Толстых остановился на Садовой, вежливо попрощался с нами, пожелал хорошо провести вечер. Вежливый, интеллигентный человек, ничего не скажешь!
В «Метрополе» я был лет шесть назад. Кремний Бородулин отмечал выход в свет своей книги и пригласил на товарищеский ужин нескольких писателей, в том числе и меня. Помнится, яростно гремел электронный оркестр, сновали с подносами одетые в черное с белым официанты, а изрядно подвыпивший Виктор Кирьяков вдруг стал критиковать Бородулина, заявил, что книжка надуманная, написанная не от сердца, а от ума. И еще он сказал, что Кремний «без царя в голове»! На Виктора это было похоже, он рубил, как говорится, правду-матку в глаза, особенно в нетрезвом виде.

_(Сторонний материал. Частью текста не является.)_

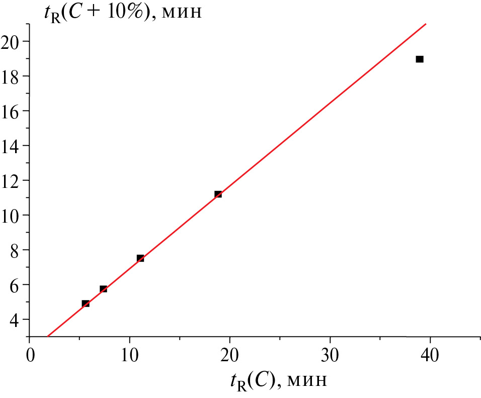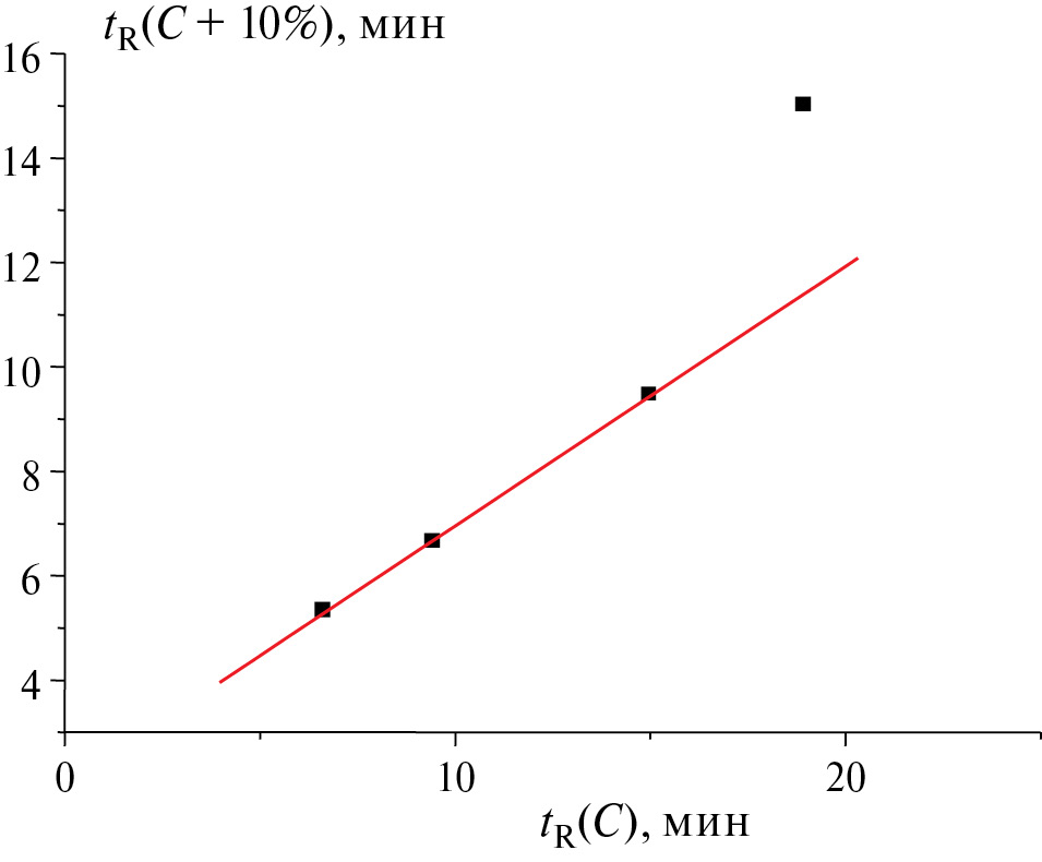 И, наконец, для оксимов 4-метилбензальдегида и 4-гидроксибензальдегида зарегистрированы не встречавшиеся ранее аномалии рекуррентной аппроксимации времен удерживания. Точки tR(30)–tR(40), соответствующие наибольшему содержанию воды в элюенте, отклоняются не вниз, а вверх от линий регрессии. Рисунок 3 иллюстрирует такую аномалию на примере оксима 4-метилбензальдегида.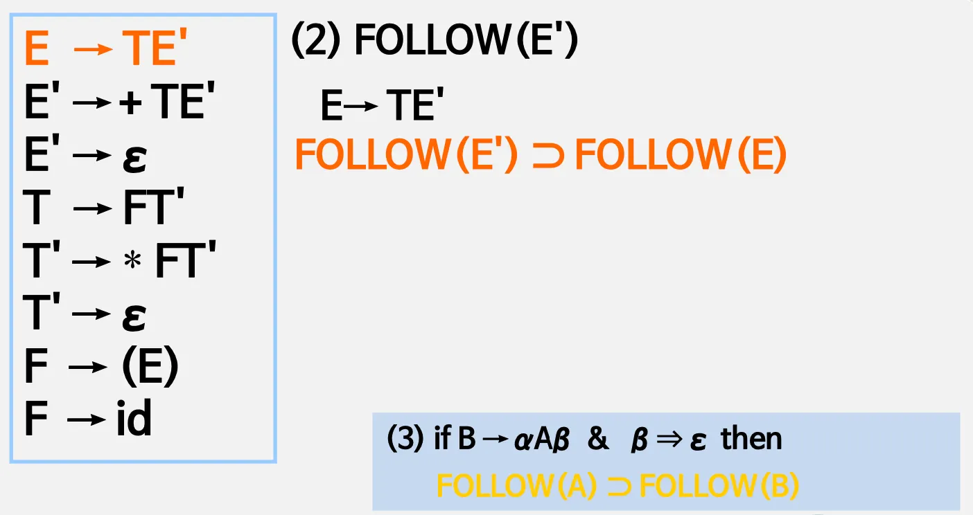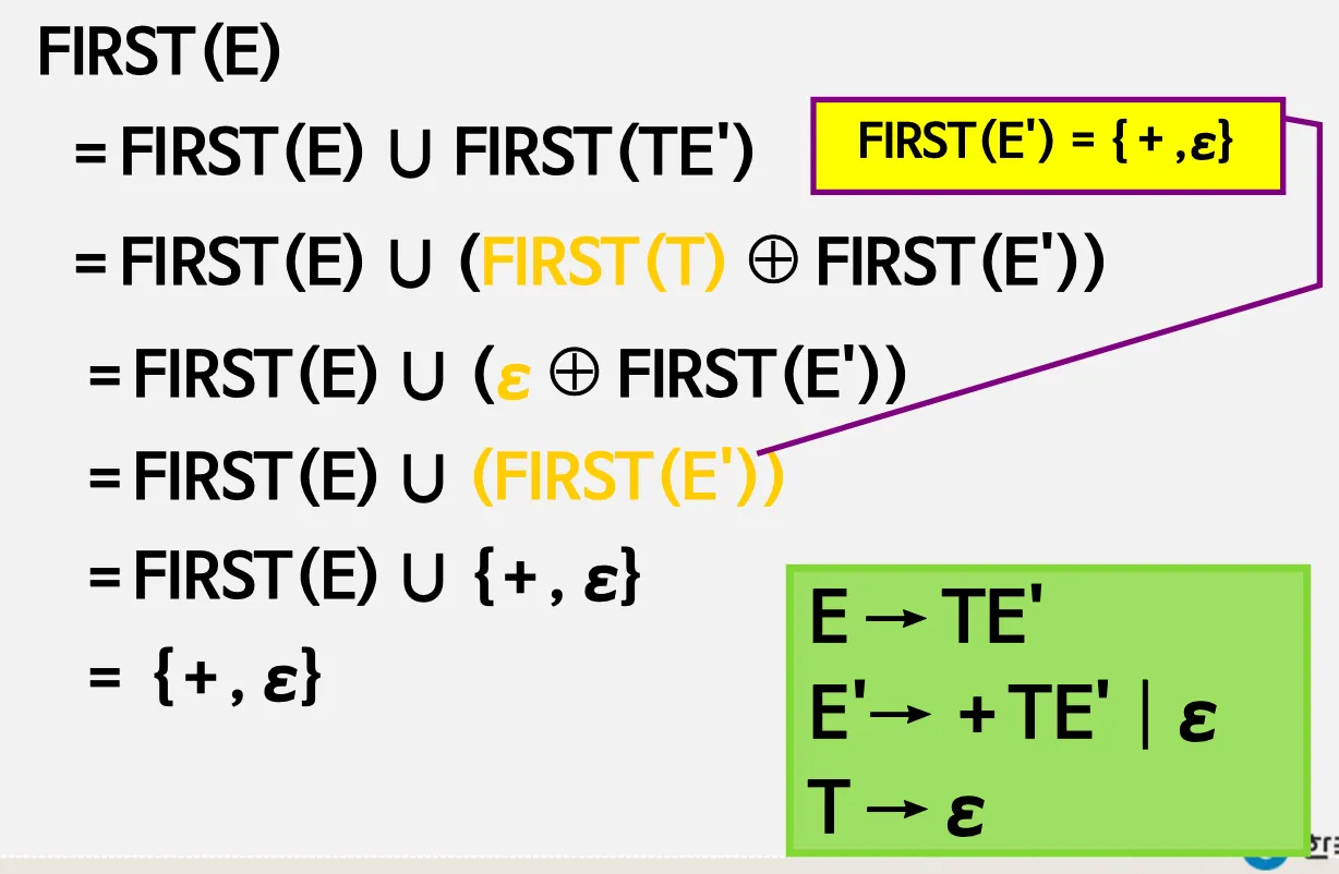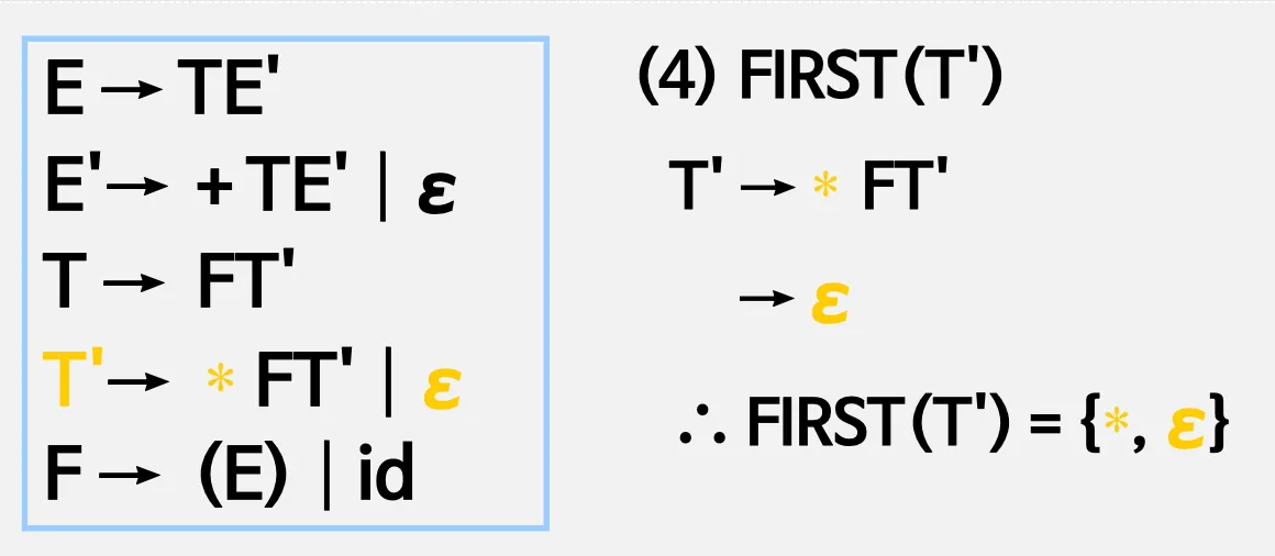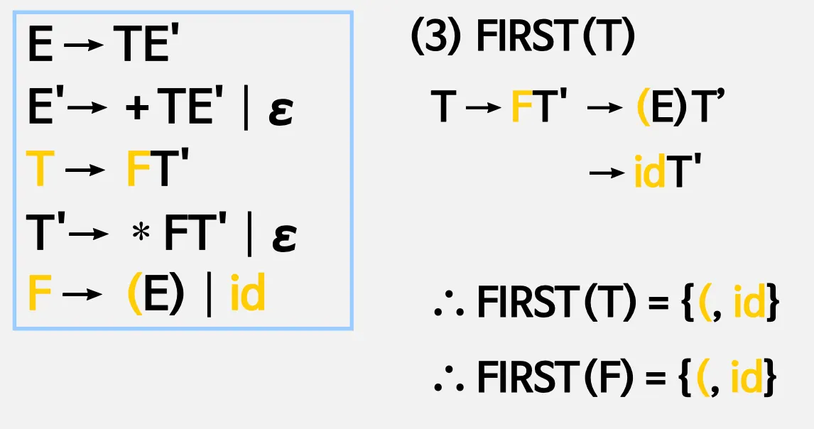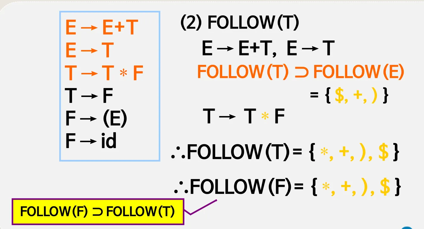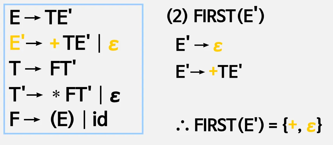 즉, 어떤 문장형태에 있어서, 논터미널 A 다음에 나타나는 터미널 기호들의 집합이다. 여기에서 $기호는 입력 문자열의 끝을 나타내는 기호

Кирьяков, или, как его звали приятели, «Киряка» был худощавым, с заостренным злым лицом, небольшими серыми глазами и жидкими коричневыми волосами, распадающимися на удлиненной голове на два крыла. Киряка стал надменным, почти обо всех знакомых литераторах отзывался пренебрежительно. Впрочем, перед начальством не заискивал и, случалось, на собраниях резко выступал.
У меня с Виктором Кирьяковым были ровные, товарищеские отношения. Меня он не задевал, а я его и подавно, потому что искренне считал его талантливым писателем, правда, несколько однообразным. Как один раз нашел свою тему — жизнь и быт современной авиации — так больше и не слезал с нее. Кстати, читателям его повести нравились.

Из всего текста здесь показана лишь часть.